Expected Value of a Ratio of Log-Normal Variables

Question

Suppose $a$ and $b$ are constants (with $a\neq b$) and $X$ is a log-normal random variable, i.e. $\ln(X) \sim \mathcal N(\mu,\sigma^2)$. Suppose that

$$ \mathbb E \left[ \frac{X-a}{X-b} \right]=0.$$

Is it possible to solve for $\mu$ as an explicit function of $a$, $b$ and $\sigma^2$?

Answer 1

I think that you'd need to restrict the potential values of $b$ such that $b \le 0$ as otherwise the expectation doesn't exist.

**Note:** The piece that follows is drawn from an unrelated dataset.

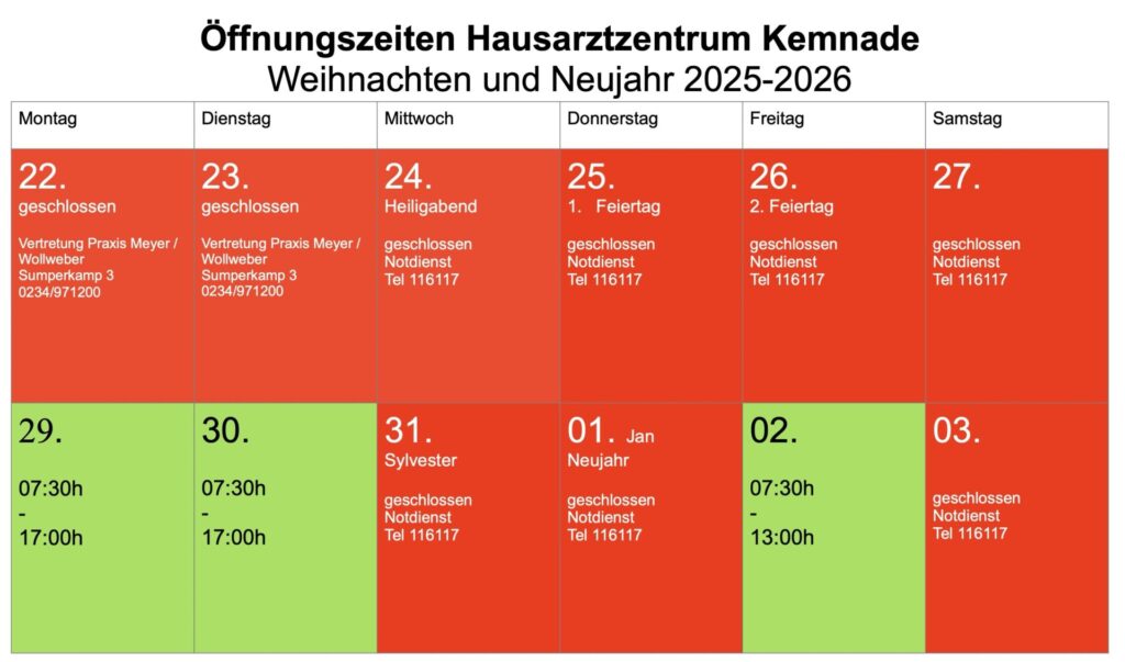 Das Hausarztzentrum ist in der Weihnachtswoche geschlossen! Die Vertretung am 22. und 23.12.25 übernimmt die Praxis Meyer/Wollweber, Sumperkamp 3, Bochum 0234 – 971200. An den anderen Tagen Wengen Sieges an den ärztlichen 24h-Notdienst Tel: 116117 (ohne Vorwahl) oder die Notdienstpraxis im St. Josef Hospital, Gudrunstraße/Bochum.
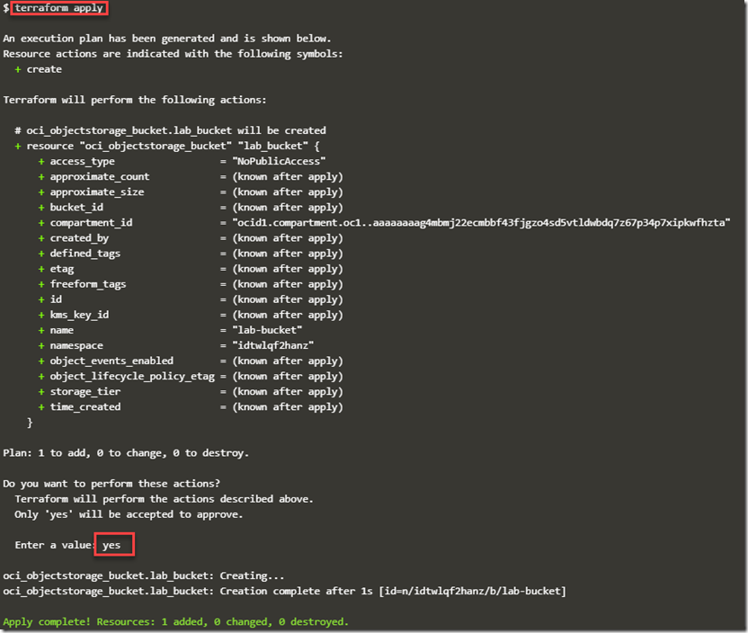 One resource is managed by Terraform (the bucket) and after entering yes it is created. Using terraform apply it is created again. All much faster than I could get it done in the console.

And I'm not convinced that there is a closed-form solution other than for $b=0$. Here is some Mathematica code to find $\mu$ in terms of $a$ and $\sigma^2$ when $b=0$:

b = 0
expectation = Integrate[E^(-((-\[Mu] + Log[x])^2/(2 \[Sigma]^2)))/(
   Sqrt[2 \[Pi]] x \[Sigma]) (x - a)/(x - b), {x, 0, \[Infinity]}, 
  Assumptions -> {a \[Element] Reals, \[Sigma] > 0, \[Mu] \[Element] 
     Reals}]

$$1-a e^{\frac{\sigma ^2}{2}-\mu }$$

This means that

$$\mu=\log (a)+\frac{\sigma ^2}{2}$$

where $a>0$.